→ **Exercise goal**
All records below must be written out exactly, with the pictures excluded.

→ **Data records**
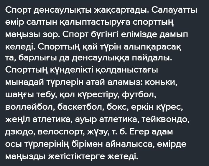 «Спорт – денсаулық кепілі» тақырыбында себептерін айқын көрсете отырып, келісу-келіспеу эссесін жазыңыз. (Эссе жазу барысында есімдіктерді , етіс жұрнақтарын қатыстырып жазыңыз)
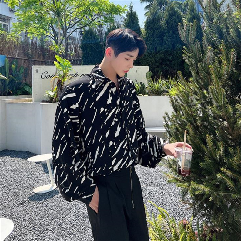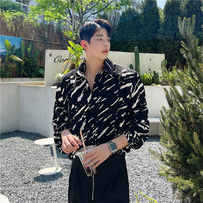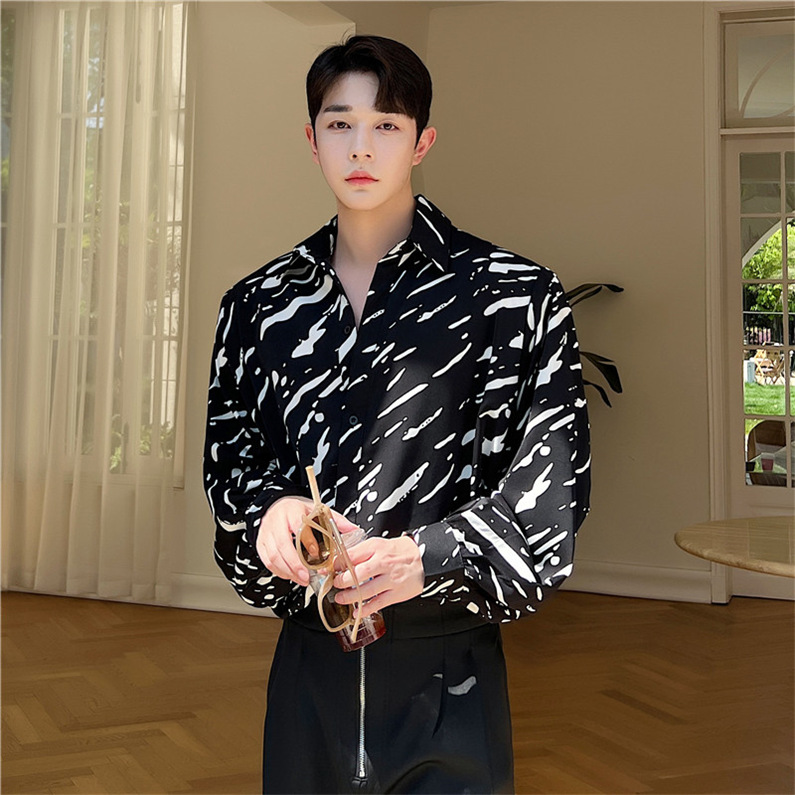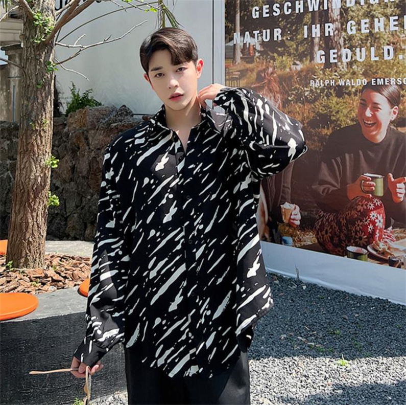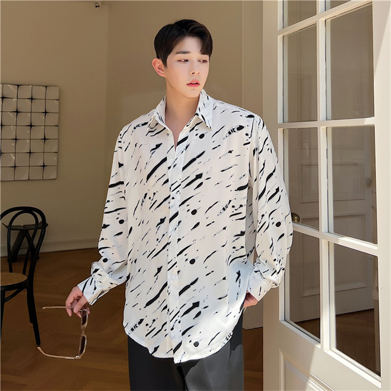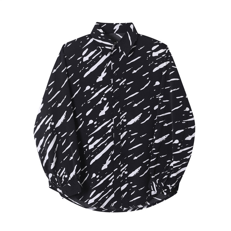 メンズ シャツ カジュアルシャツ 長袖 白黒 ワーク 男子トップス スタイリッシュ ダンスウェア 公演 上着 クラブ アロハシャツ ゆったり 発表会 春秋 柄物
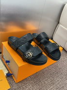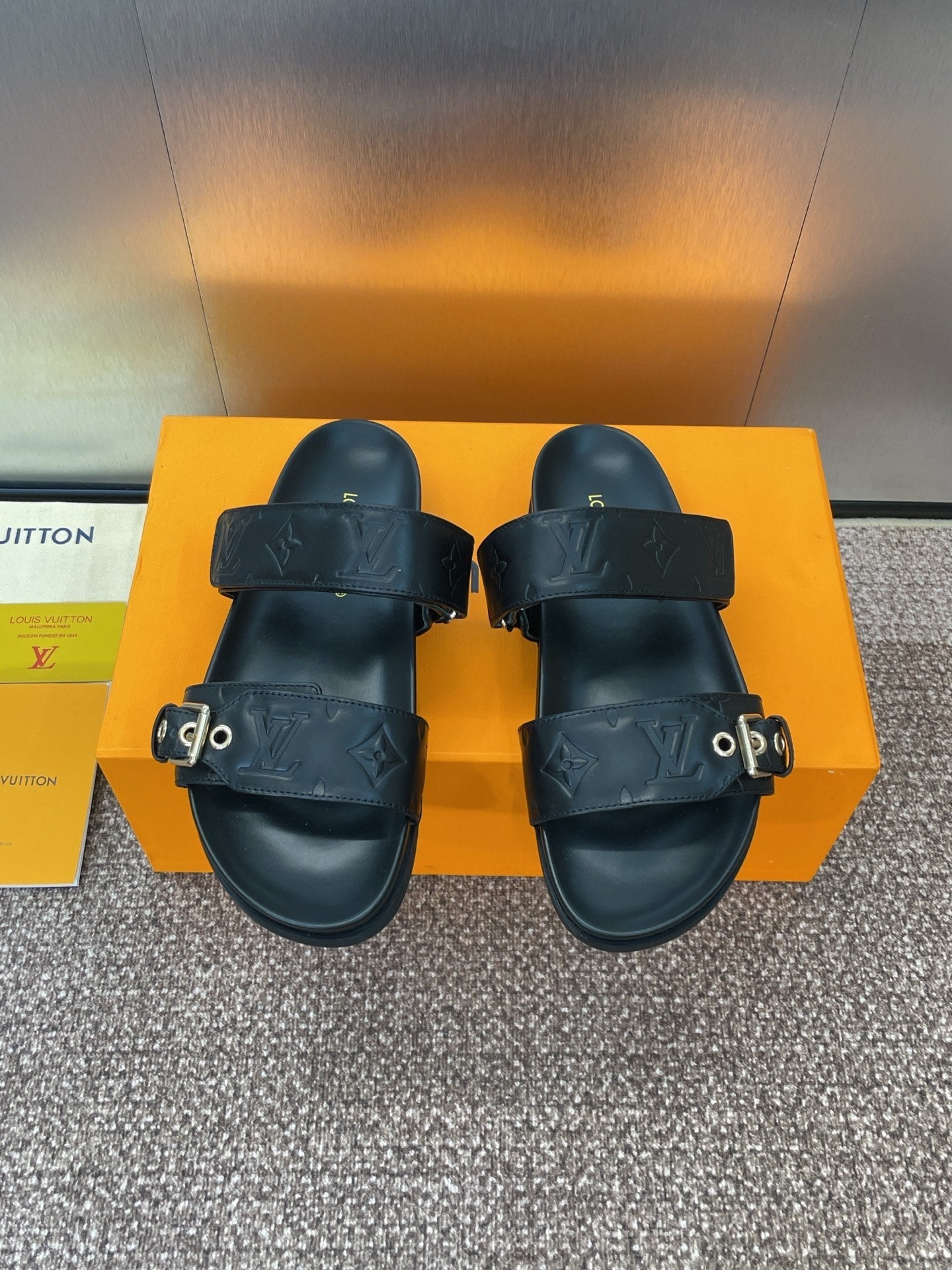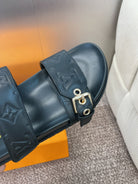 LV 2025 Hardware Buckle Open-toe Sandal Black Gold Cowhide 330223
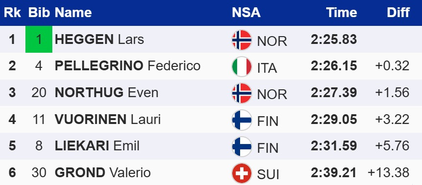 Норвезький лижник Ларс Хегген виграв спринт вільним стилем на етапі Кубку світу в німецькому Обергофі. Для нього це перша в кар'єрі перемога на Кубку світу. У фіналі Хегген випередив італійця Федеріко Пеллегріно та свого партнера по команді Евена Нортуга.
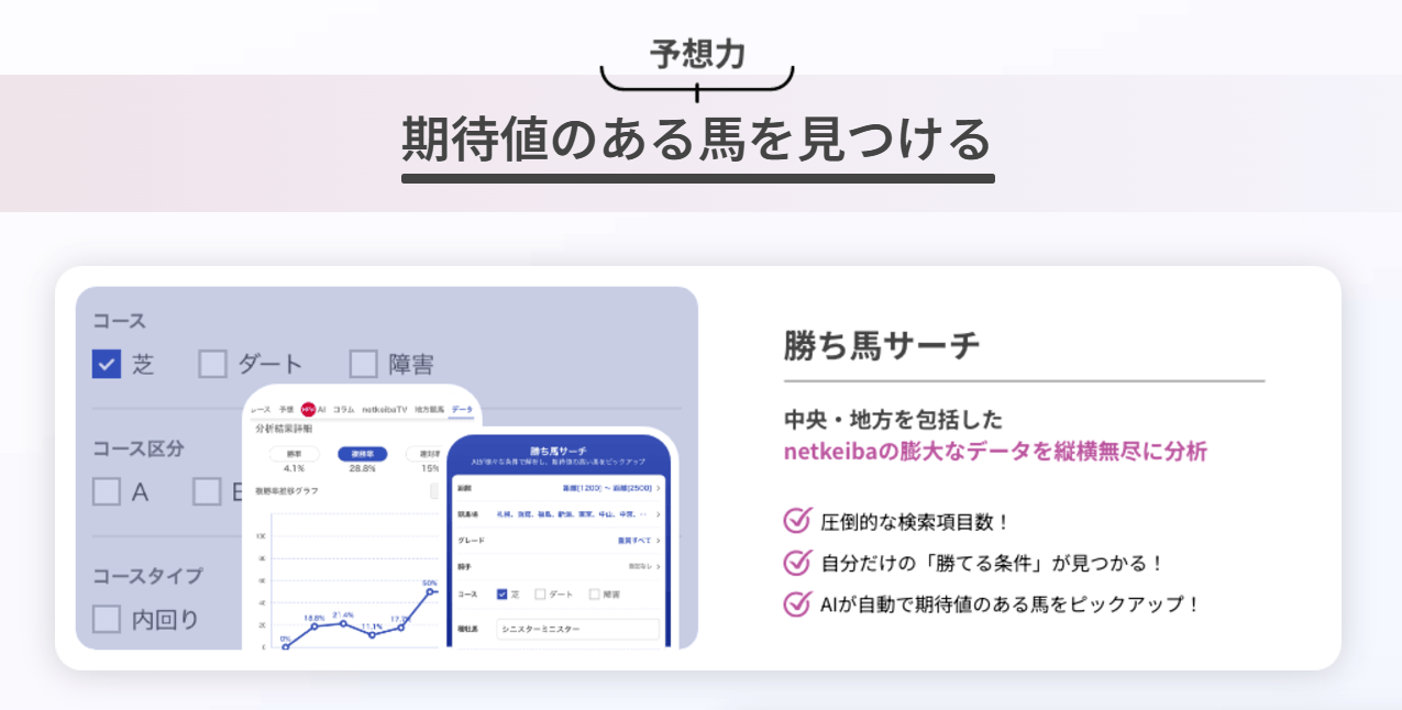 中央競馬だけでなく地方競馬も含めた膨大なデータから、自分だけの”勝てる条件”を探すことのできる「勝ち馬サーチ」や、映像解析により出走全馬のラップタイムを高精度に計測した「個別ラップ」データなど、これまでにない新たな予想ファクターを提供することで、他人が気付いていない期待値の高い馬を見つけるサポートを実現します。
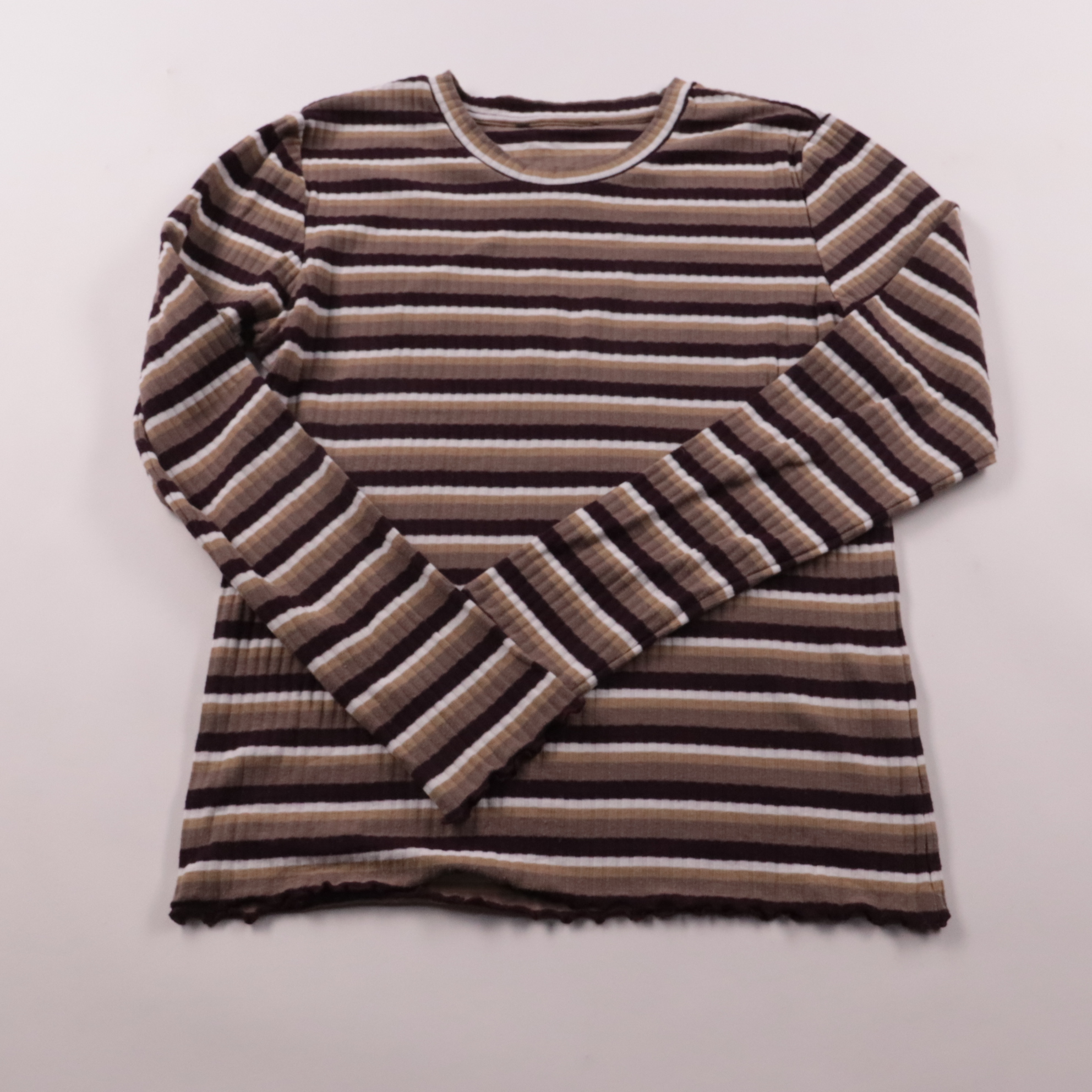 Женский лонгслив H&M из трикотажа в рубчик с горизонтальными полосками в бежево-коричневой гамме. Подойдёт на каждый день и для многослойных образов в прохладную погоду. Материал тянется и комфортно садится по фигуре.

→ **The completed task**
 «Спорт – денсаулық кепілі» тақырыбында себептерін айқын көрсете отырып, келісу-келіспеу эссесін жазыңыз. (Эссе жазу барысында есімдіктерді , етіс жұрнақтарын қатыстырып жазыңыз)
 メンズ シャツ カジュアルシャツ 長袖 白黒 ワーク 男子トップス スタイリッシュ ダンスウェア 公演 上着 クラブ アロハシャツ ゆったり 発表会 春秋 柄物
 LV 2025 Hardware Buckle Open-toe Sandal Black Gold Cowhide 330223
 Норвезький лижник Ларс Хегген виграв спринт вільним стилем на етапі Кубку світу в німецькому Обергофі. Для нього це перша в кар'єрі перемога на Кубку світу. У фіналі Хегген випередив італійця Федеріко Пеллегріно та свого партнера по команді Евена Нортуга.
 中央競馬だけでなく地方競馬も含めた膨大なデータから、自分だけの”勝てる条件”を探すことのできる「勝ち馬サーチ」や、映像解析により出走全馬のラップタイムを高精度に計測した「個別ラップ」データなど、これまでにない新たな予想ファクターを提供することで、他人が気付いていない期待値の高い馬を見つけるサポートを実現します。
 Женский лонгслив H&M из трикотажа в рубчик с горизонтальными полосками в бежево-коричневой гамме. Подойдёт на каждый день и для многослойных образов в прохладную погоду. Материал тянется и комфортно садится по фигуре.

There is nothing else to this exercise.